The same findings applied to the level of dislike between these groups, with the perception being twice the reality. And on issues like gun control and immigration, using a scale of zero for no restrictions to one hundred for complete elimination, Democrats assumed Republicans’ median score was a 92, when it was really 75, and Republicans thought Democrats’ score would be 9, but in truth it was 35.

Interestingly, Americans’ mistaken view of others’ perceptions of them are exacerbated by greater news intake. David French writes of a study last year "finding that Democrats and Republicans were wildly off in their perception of their opponents’ political extremism, and that misperception grew they more news a person consumed.”
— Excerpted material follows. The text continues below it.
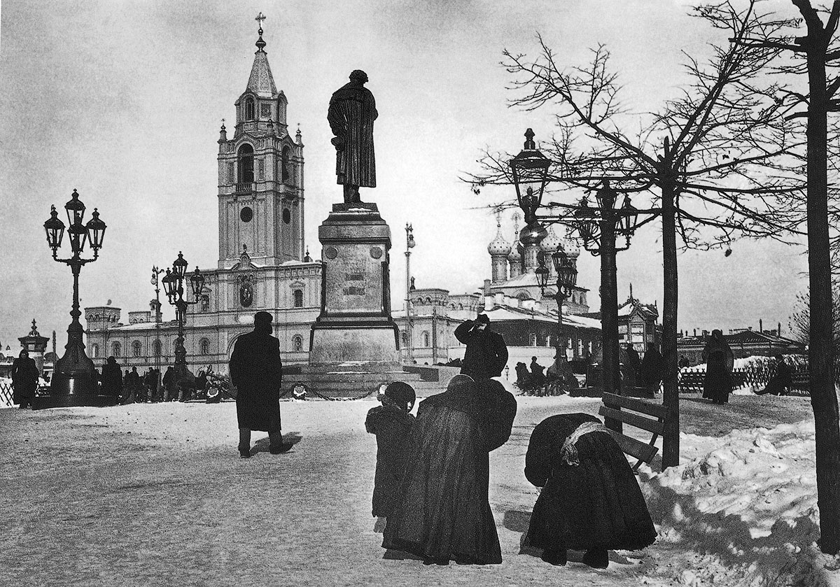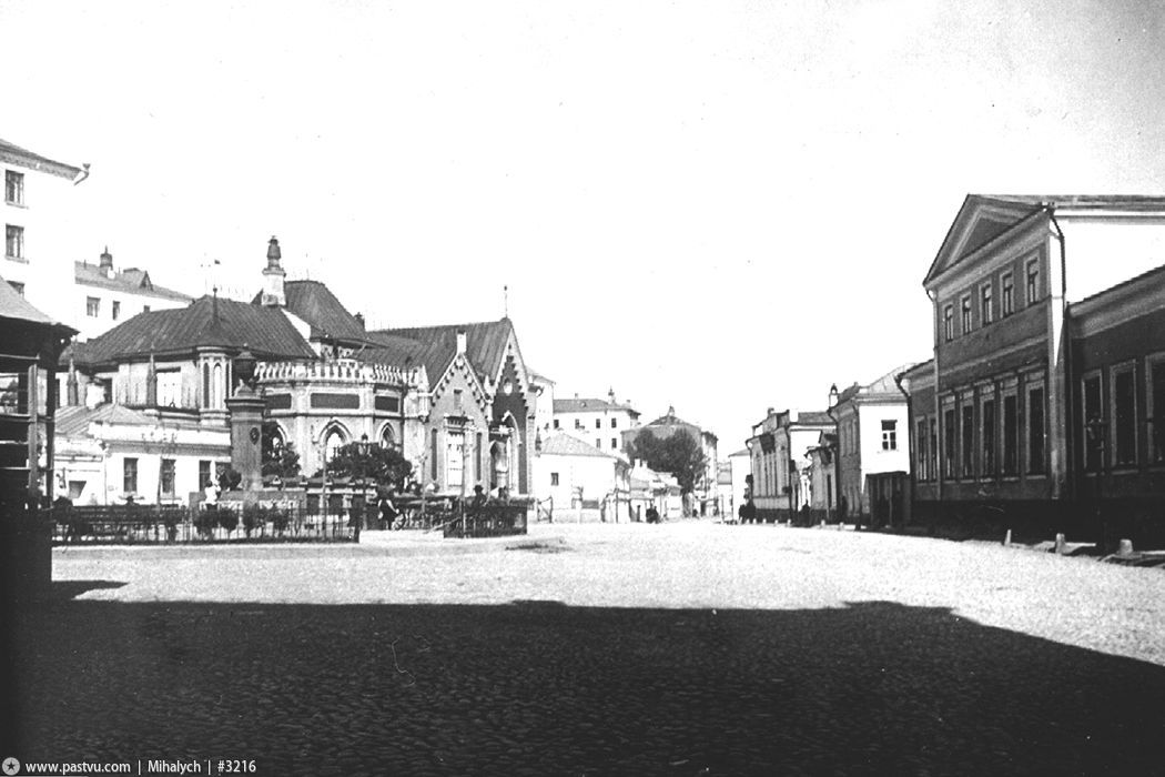 Так выглядела нынешняя Пушкинская площадь: памятник Пушкину еще стоял на Тверском бульваре, а на его нынешнем месте возвышалась колокольня крупного Страстного монастыря.

The more we form our sense of what others are like and how they feel and think not from real-life interactions with actual human beings, but from the artificial, skewed world of the news media and social media, the more likely it is those views will not comport with reality. To perceive reality, after all, one has to experience it firsthand, not through the curated outrage chamber that so much of conventional and social media are today. In media-land, the sensational wins out every time, regardless of whether it represents life as people actually live it. The old line, “you need to get out more,” is actually true.

David Black, a prize-winning novelist, wrote recently in City Journal about growing up in the 1950s with a father who was a “dedicated radical.” Yet, he writes that

once a month, he gathered a dozen-and-a-half friends to talk politics. They represented a broad spectrum of political opinion — from the far right (a John Bircher) through conservatives, centrist Republicans, centrist Democrats, progressives, Stalinists — and him, the specimen Trotskyist. I’d watch them from halfway up the stairs, peering through the balusters.

For two hours, they fought, sometimes throwing punches. Once, someone broke a chair over another’s back. After two hours, a timer would sound. Everyone stopped arguing and fighting. Each took out an instrument — a trombone, a fiddle, a clarinet, a bass. Someone sat at the piano. My father played the cornet…. For the next two hours, he and his friends (and sometime adversaries) made music. “That,” my father once told me, “is America.”

What likely made the scene he describes possible is that no one felt loathed by anyone else in that group, and therefore they didn’t loathe them back. It’s possible to disagree, even vehemently, about important issues without things getting personal and nasty. That’s something Americans will have to learn to do in these polarized times in order for the country to move forward. It will require lessening media’s role in their lives and instead learning about how other citizens think and feel by going out and meeting them.

Seeing others in a positive light means we’ll more often believe they actually like us, and as a result we’ll feel good about them too, which they will now reflect back toward us. And with that, a wonderful cycle of positivity based on the k’mayim hapanim principle has now been set in motion. We can now understand why Rashi (Shabbos 127b) writes that being dan l’kaf zechus and bringing about peace between people are one and the same thing.

And into such a world, where sinas chinam — hatred based on illusions — has no place, a Beis Hamikdash can descend from Heaven at any moment.